Глава 4

Наконец слёзы иссякают и впитываются в мою льняную кожу. Я осторожно подтаскиваю Джека к кровати и укладываю на чёрное лоскутное одеяло. Зеро крутится рядом и тихо скулит.

Поправив подушку под идеально круглой головой моего любимого, я оставляю его и выхожу через стеклянные двери на террасу. Воздух удивительно неподвижен, заходящее солнце отбрасывает полоски света на безжизненные деревья. Глядя на город, я пытаюсь понять, что же произошло.

Всё тело сковывает холод, будто сквозь меня прошёл призрак, заплутавший на кладбище. Джек спит. Все остальные тоже. Но почему?

Я мысленно возвращаюсь назад во времени, вспоминая всё произошедшее за это время.

Когда я сбежала из города, никто ещё не спал, все были заняты подготовкой к празднику. Что-то случилось, пока меня не было.

Загадка, сказанная шёпотом в темноте, загадка, для решения которой у меня так мало подсказок. Только песок, который я нашла рядом со всеми уснувшими.

Но в наступившей тишине мне на ум приходит кое-что ещё. Одна мысль, которая поднимается из самых сокровенных бездн моего тряпичного сердца. Тишина, окутавшая город Хеллоуина, приносит мне облегчение. Мне удивительным образом спокойно от отсутствия голосов и обычной городской суматохи.

Я оглядываюсь на спальню, где на полу всё ещё валяются отрезы ткани, шляпы с крыльями летучих мышей и туфли на высоких каблуках, сделанные из костей горгульи и дурно пахнущей рыбьей кожи. Я до сих пор чувствую, как когтистые пальцы Хельгамины перебирают мои не подходящие королеве волосы, как Зельдаборн колет меня швейными булавками, оборачивая моё тело слоями шифона. В голове до сих пор ярко представляется бешеный вид мэра, когда он перечислял мои обязанности королевы; ощущаю на себе взгляды толпы, когда они выкрикивали моё имя, дёргали за платье, слепили вспышкой фотоаппарата. Всё это было похоже на бурю, свирепствовавшую вокруг меня. Как будто я принадлежала им, была предметом, с которым можно делать что и где вздумается, а не живым существом.

Но теперь... они все спят, и вокруг неожиданно поразительно тихо.

Впервые с тех пор, как мы с Джеком вернулись из свадебного путешествия, моё сердце успокаивается, напряжение спадает – все швы расслабляются, будто я сняла тугой корсет, стягивавший тело. Я осталась одна.

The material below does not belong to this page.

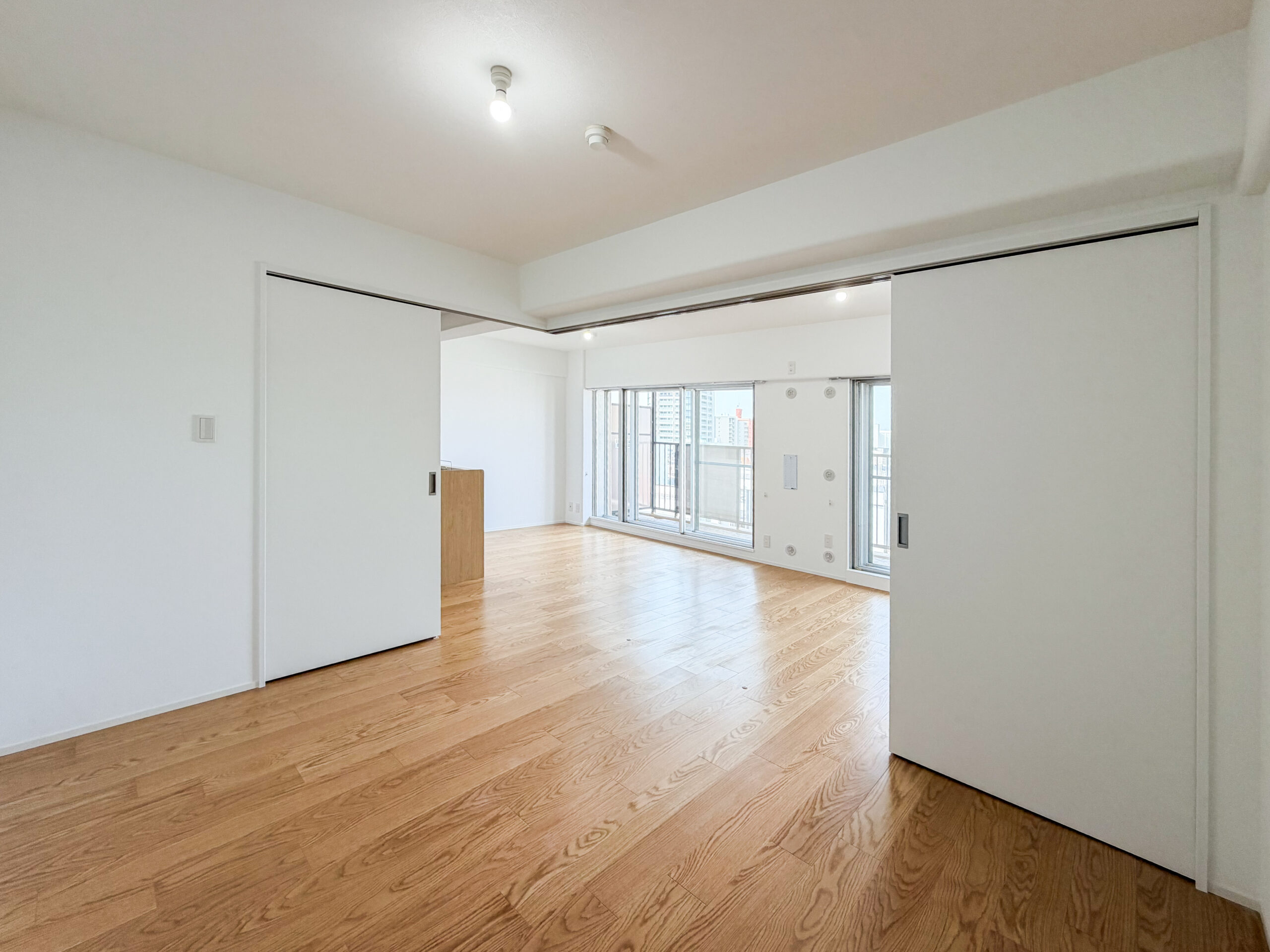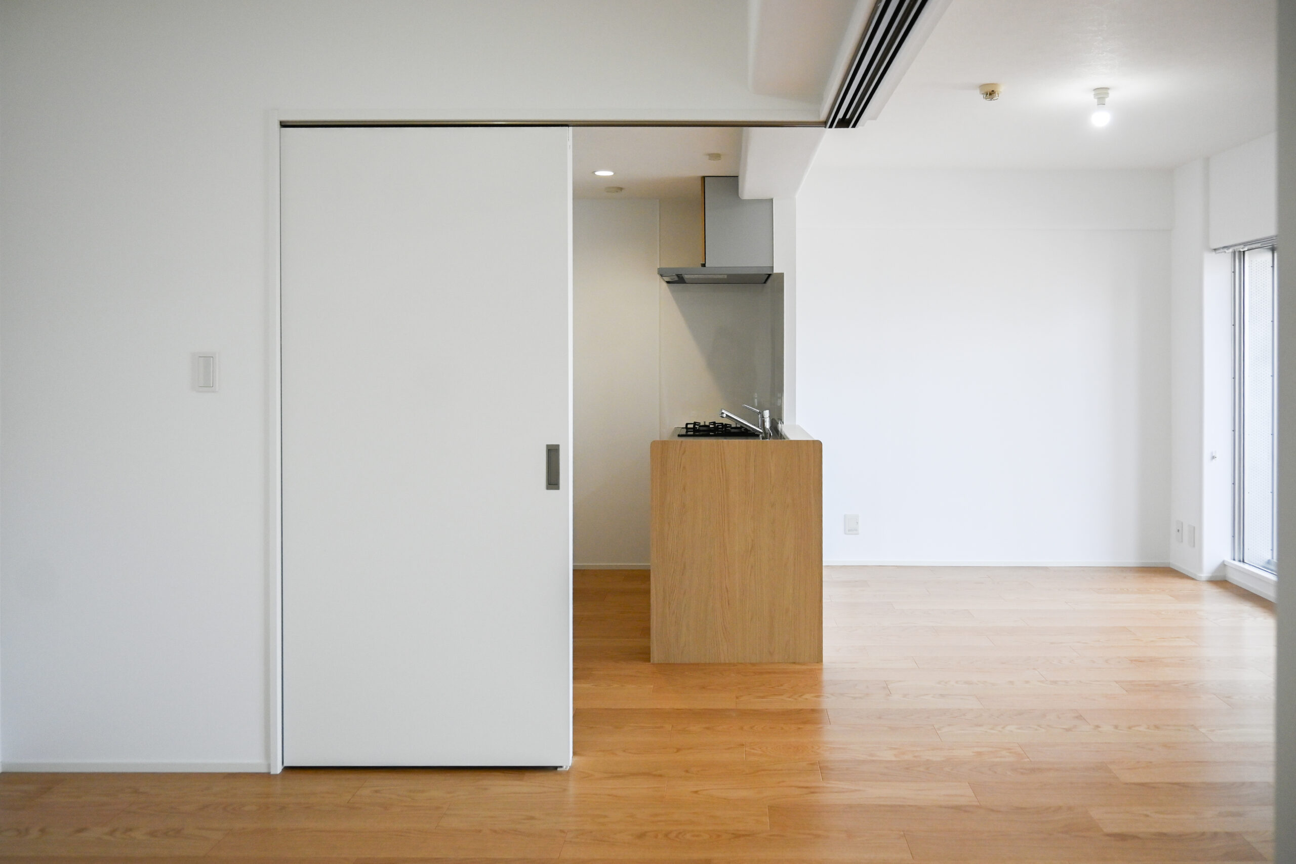 リビングと洋室をパーテーションで仕切ることも、ひと続きの空間として開放することもできる設計としました。

И это одиночество похоже на тёплую ванну, в которую хочется окунуться с головой, опуститься на самое дно и наблюдать, как пузырьки воздуха медленно поднимаются на поверхность, забирая с собой всю усталость.

Я возвращаюсь в дом, поднимаю с пола ткани и туфли и кучей запихиваю в шкаф. Мне приходится навалиться на дверцу, чтобы закрыть её.

Моё дыхание всё ровнее с каждой секундой. Я окидываю взглядом спальню, как будто вижу её впервые, комнату, которая является всего лишь комнатой. Не королевской тюрьмой.

Убаюканная гробовой тишиной, я прохожу по дому, прикасаясь к обоям с чёрным узором и рассматривая резные светильники в виде сорок. На кухне я завариваю чашку чёрного чая с пыреем, бульканье воды в чайнике – единственный раздающийся звук – эхом отражается от стен. С чашкой в руках я выхожу на крыльцо и смотрю на застывший в безмолвии город, над которым медленно поднимается луна цвета белой кости. День сменяется ночью.

Эти украденные минуты умиротворения кажутся мне преступлением. Особенно когда Джек, единственный человек, которого я хотела бы видеть рядом, беспробудно спит наверху.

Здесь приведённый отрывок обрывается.